Common mistakes in route optimization projects
- Running the solver on stale address data. A 5% geocoding error rate means 5% of stops are placed at the wrong coordinate — the solver optimizes a fiction. Geocode validation is the highest-impact pre-processing step.
- Optimizing for distance without cost-weighting. Minimizing kilometers is not the same as minimizing cost — toll roads, fuel surcharges, and time-of-day traffic can make the shortest route the most expensive.
- Ignoring driver behavior after deployment. A perfectly optimized route degrades quickly when drivers deviate. Without GPS trace comparison against the planned route, you have no feedback loop.
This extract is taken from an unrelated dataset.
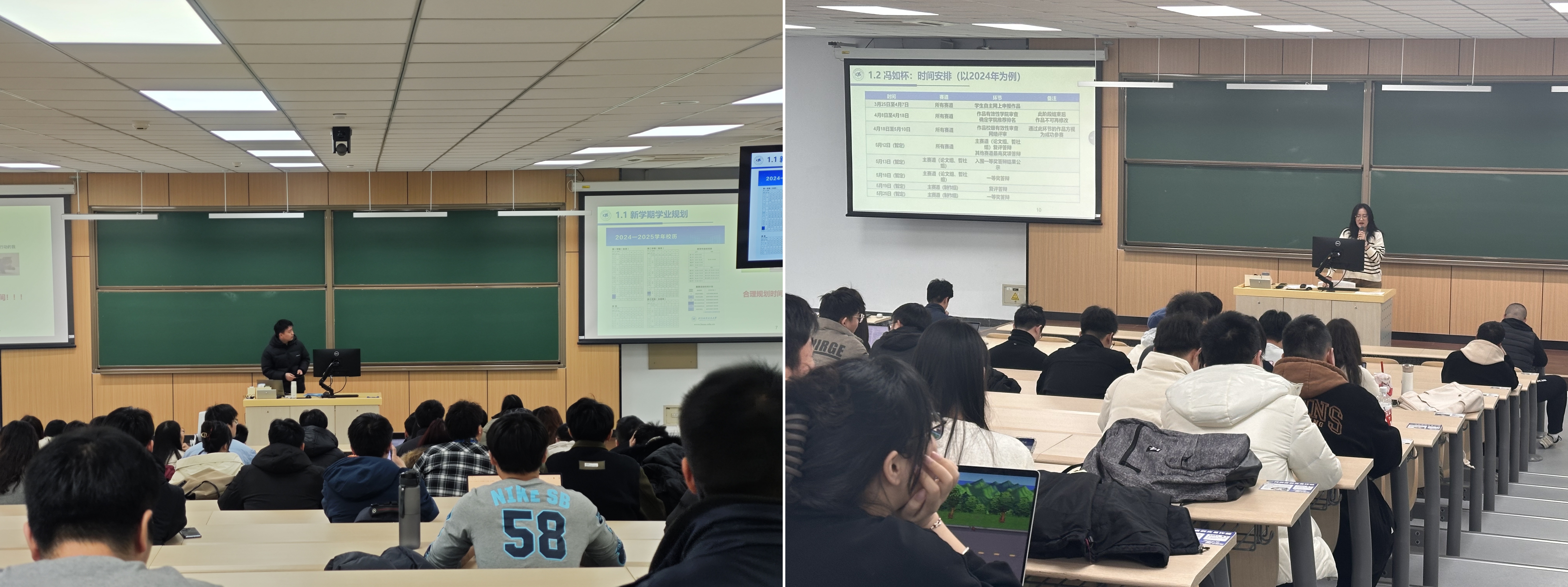 在大班会上,公司研究生兼职辅导员米赟、张勋围绕学业规划、职业发展、心理健康、安全教育等多个维度,为同学们送上了细致且实用的提醒。专职辅导员朱帅东、陶雨芊也为同学们送上了暖心的关怀与提醒,让同学们在满满的关爱中,对未来的学习生活有了更为明晰的认知与充分的准备。

Differentiation vs Excel and Google Maps
Excel doesn't solve TSP or VRP — the Solver add-in hits its variable ceiling around 15 stops. Google Maps optimizes waypoint sequence but ignores time windows, vehicle capacity and multi-vehicle routing. OR-Tools, Onfleet, Routific and Circuit for Teams close that gap; the web simulator is the bridge for carriers still planning manually and needing to quantify the value before investing in a TMS (Transportation Management System).
Conclusion
For carriers, e-commerce, FMCG distributors, and last-mile operators, route optimization is the number-one operating lever: 15-30% reduction in transport cost with marginal investment. The simulator lets you run TSP/VRP on your actual stops, compare scenarios with different fleet configurations, windows, and density, and quantify the savings before committing capital to software or additional fleet.